März 15, 2010 1 Kommentar

Seit Edward Said 1978 seine große Studie über den „Orientalismus“ veröffentlichte, gibt es eine große Diskussion über die Wahrnehmung des Islam in Europa. Eine seltener gestellte Frage ist, wie die Bewohner der muslimischen Welt eigentlich den „Westen“ sehen, und welche Rolle diese Wahrnehmung in ihrer Geschichte gespielt hat. Eine Auseinandersetzung mit dem Werk von Bernard Lewis fördert dazu überraschende Aspekte zutage.

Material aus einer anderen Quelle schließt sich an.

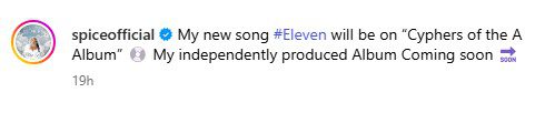 Dancehall icon Spice is taking the reins on her next musical chapter. On Wednesday afternoon, the 42-year-old artiste shared that her newly released single Eleven will be featured on an upcoming album titled Cyphers of the A Album, which she is independently producing.
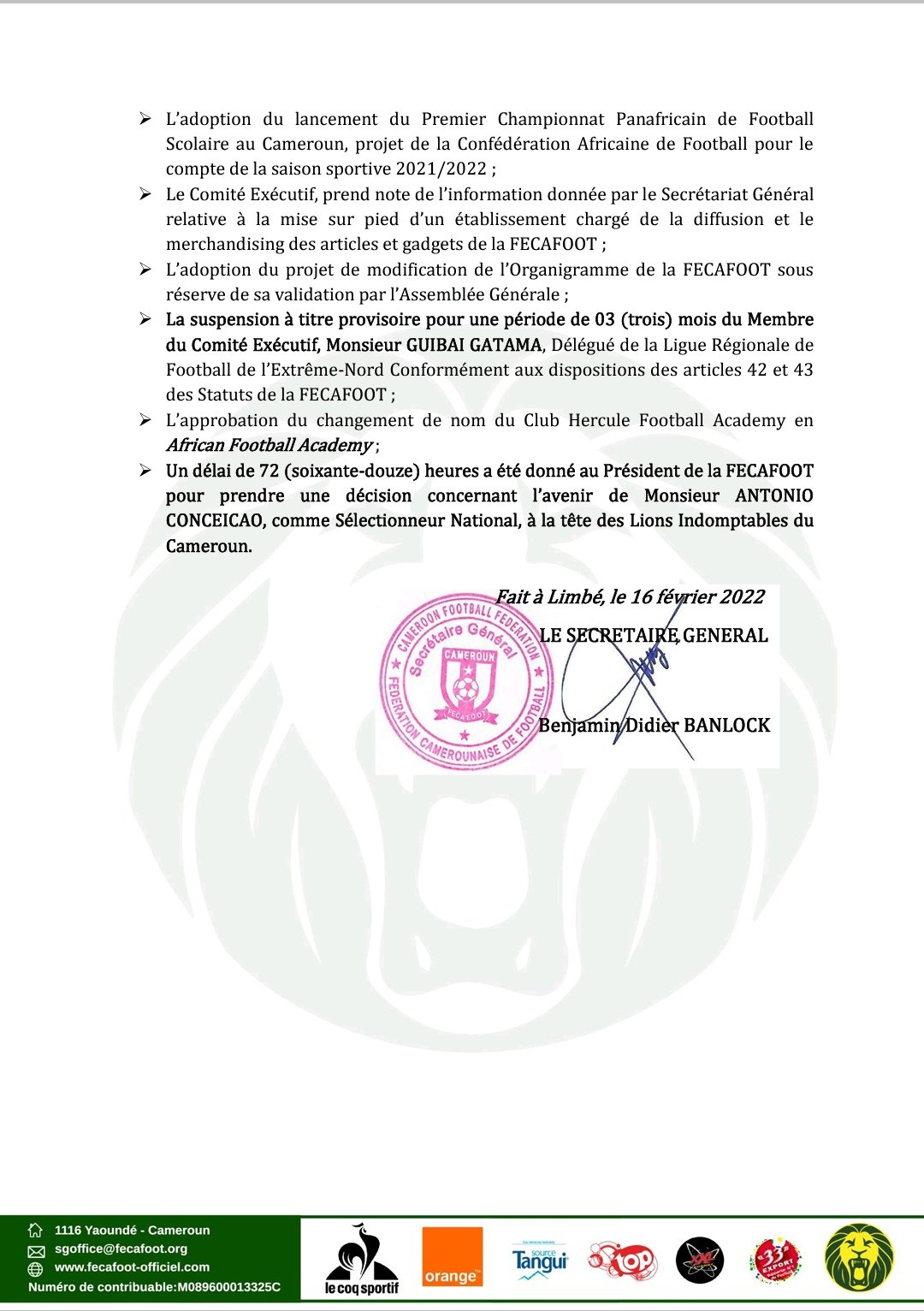 La session du Comité Exécutif qui s’est tenue ce mercredi a donc été l’occasion de régler ses comptes au journaliste à qui l’on reproche également, le fait d’avoir publiquement soutenu Vincent Aboubakar après sa bourde, au terme de l’élimination du Cameroun en demi-finale de la CAN 2021, lorsque celui-ci accusait ses coéquipiers d’avoir fait preuve d’égoïsme.
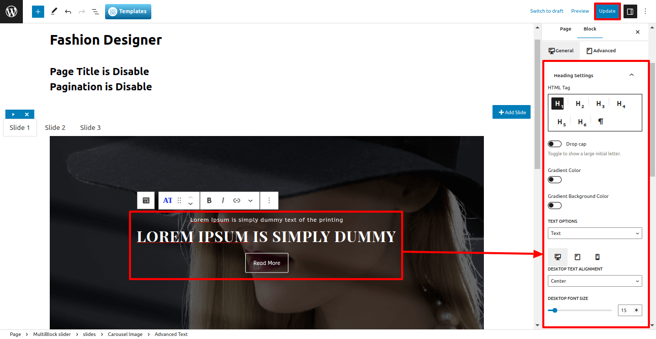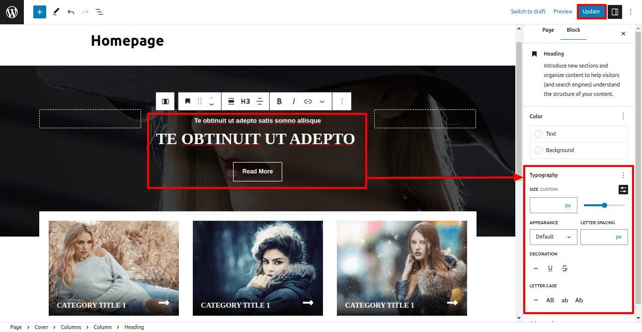 You can change heading tags, alignment options, font size, and line height through the editor.
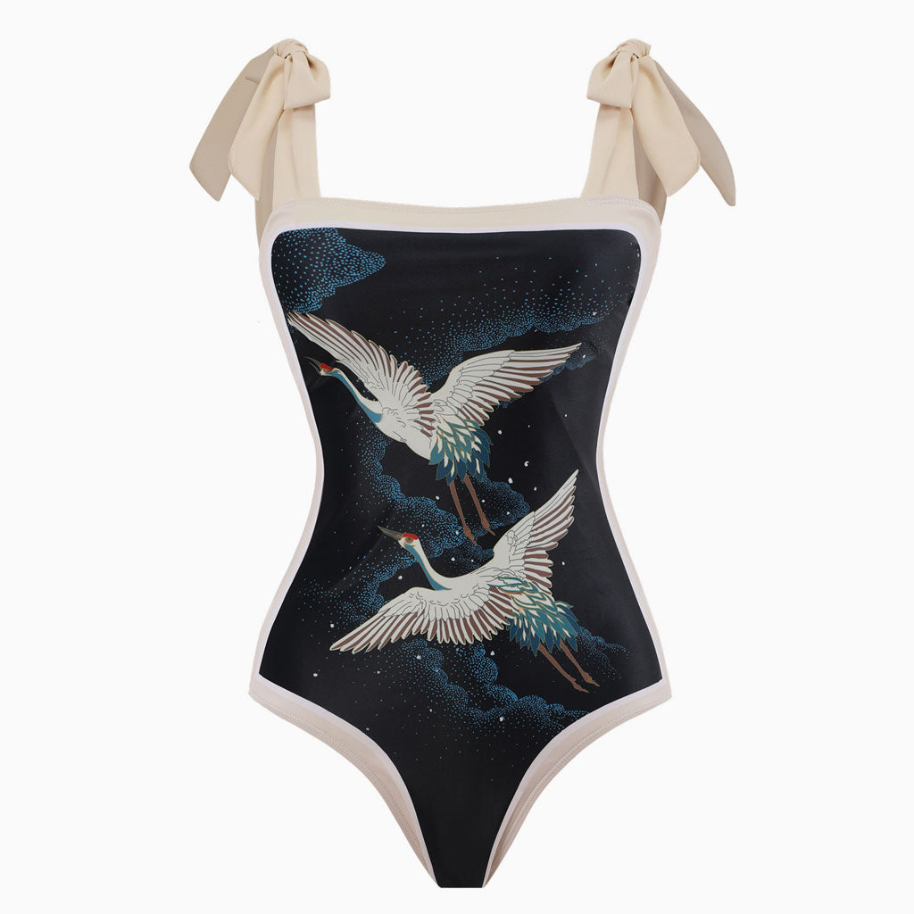 Darlin. get beach-ready in our retro-chic swimwear collection! This designer vintage one-piece swimwear features a chic square neck. adjustable bow ties on the shoulders. a moderate back. and removable pads for comfort and style. Get ready to make a splash in your favorite bohemian. galaxy. baroque. or animal pattern. each piece crafted with love and attention to detail for you.
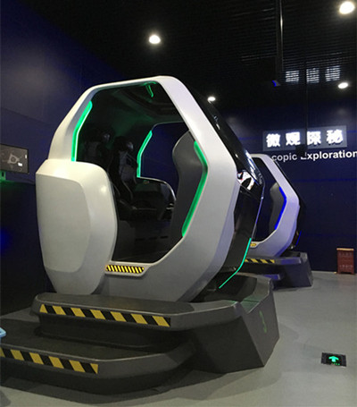 展厅里名为“微观探秘”的展品包含VR座椅和VR眼镜以及不同内容的VR体验场景。VR座椅像一个水滴舱,体验者坐在舱内,戴上VR眼镜,不仅在视觉上能获得逼真的虚拟体验,还能体验到运动过程中的模拟风感和动感,让整个虚拟旅程更加真实、生动。体验者还能通过水滴舱内的控制摇杆,与VR内容进行一定的交互。
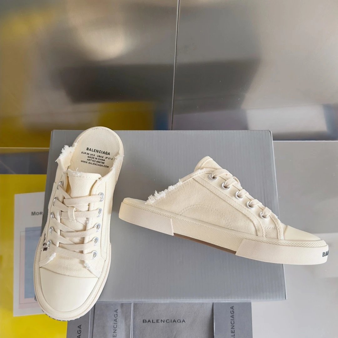Custom distressed canvas upper, rubber non-slip sole (3cm thick), sizes 35-45 (women 35-40, men 40-45).
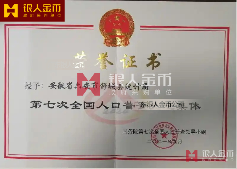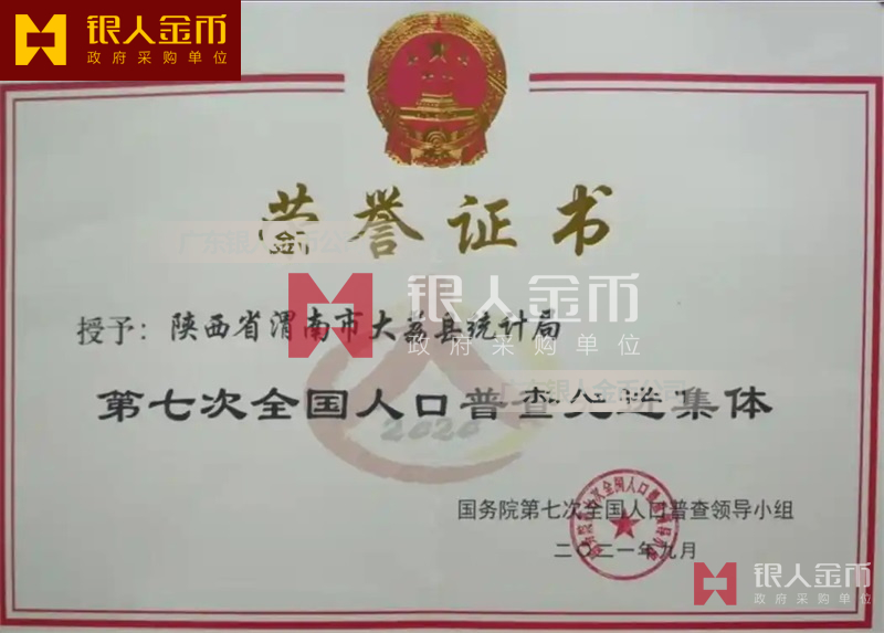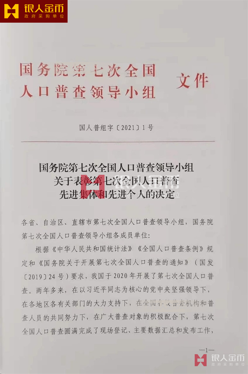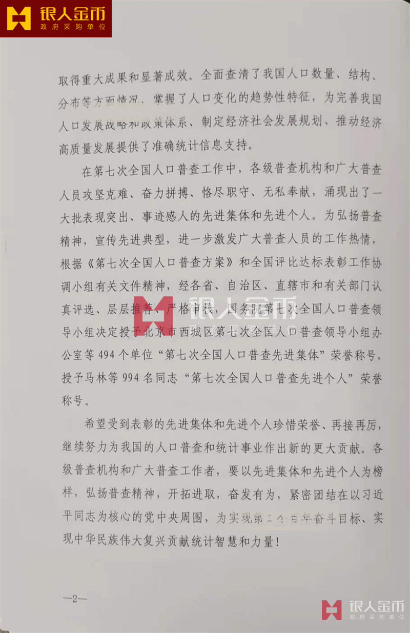 國務院第七次全國人口普查領(lǐng)導小組辦公室第七次全國人口普查先進集體獎牌證書和先進個人獎牌證書(圖)
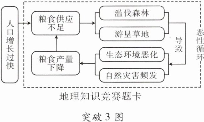 D 解析:由图可知,该地区由于人口增长过快,粮食供应不足,饥饿问题突出。由图可知,该地区人口增长迅速、粮食不足、生态恶化,描述的是撒哈拉以南的非洲,这里90%以上为黑色人种,有“黑种人的故乡”称号。该地区人地关系恶性循环的根本原因是人口增长过快,不是自然灾害频发。
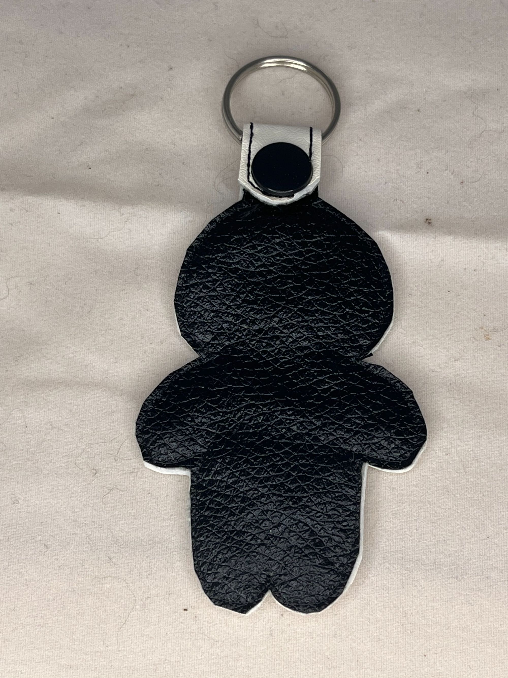 This is a Skelton snap tab/ keychain. it measures approximately 4.5 inches from top of ring to bottom and 2.25 inches at widest point. it come in 2 versions, white with black stitching or black with white stitching. the heat is always red. when choosing color, it will be for the vinyl color, and we will match the stitching.

Der britische Historiker Bernard Lewis gehört zu den kompetentesten Nahostexperten und der Geschichte des Islam. Außerdem hat er das Verhältnis zwischen islamischer und europäisch/westlicher Kultur wie kein zweiter sorgfältig studiert. Seine Texte sind einerseits von einer sehr akribischen Kenntnis der Quellen geprägt, von einer spürbaren Sympathie für seinen Gegenstand durchdrungen und zeichnen sich doch durch eine sorgfältige intellektuelle Distanz aus. In einer neueren Veröffentlichung aus dem Jahre 2002 „What went wrong“ geht er der Frage nach, warum die islamische Welt ihren einstigen Glanz und jene Bedeutung verloren hat, die sie zumindest in den Augen der muslimischen Bevölkerungen des Nahen und Mittleren Ostens für lange Zeit inne hatte.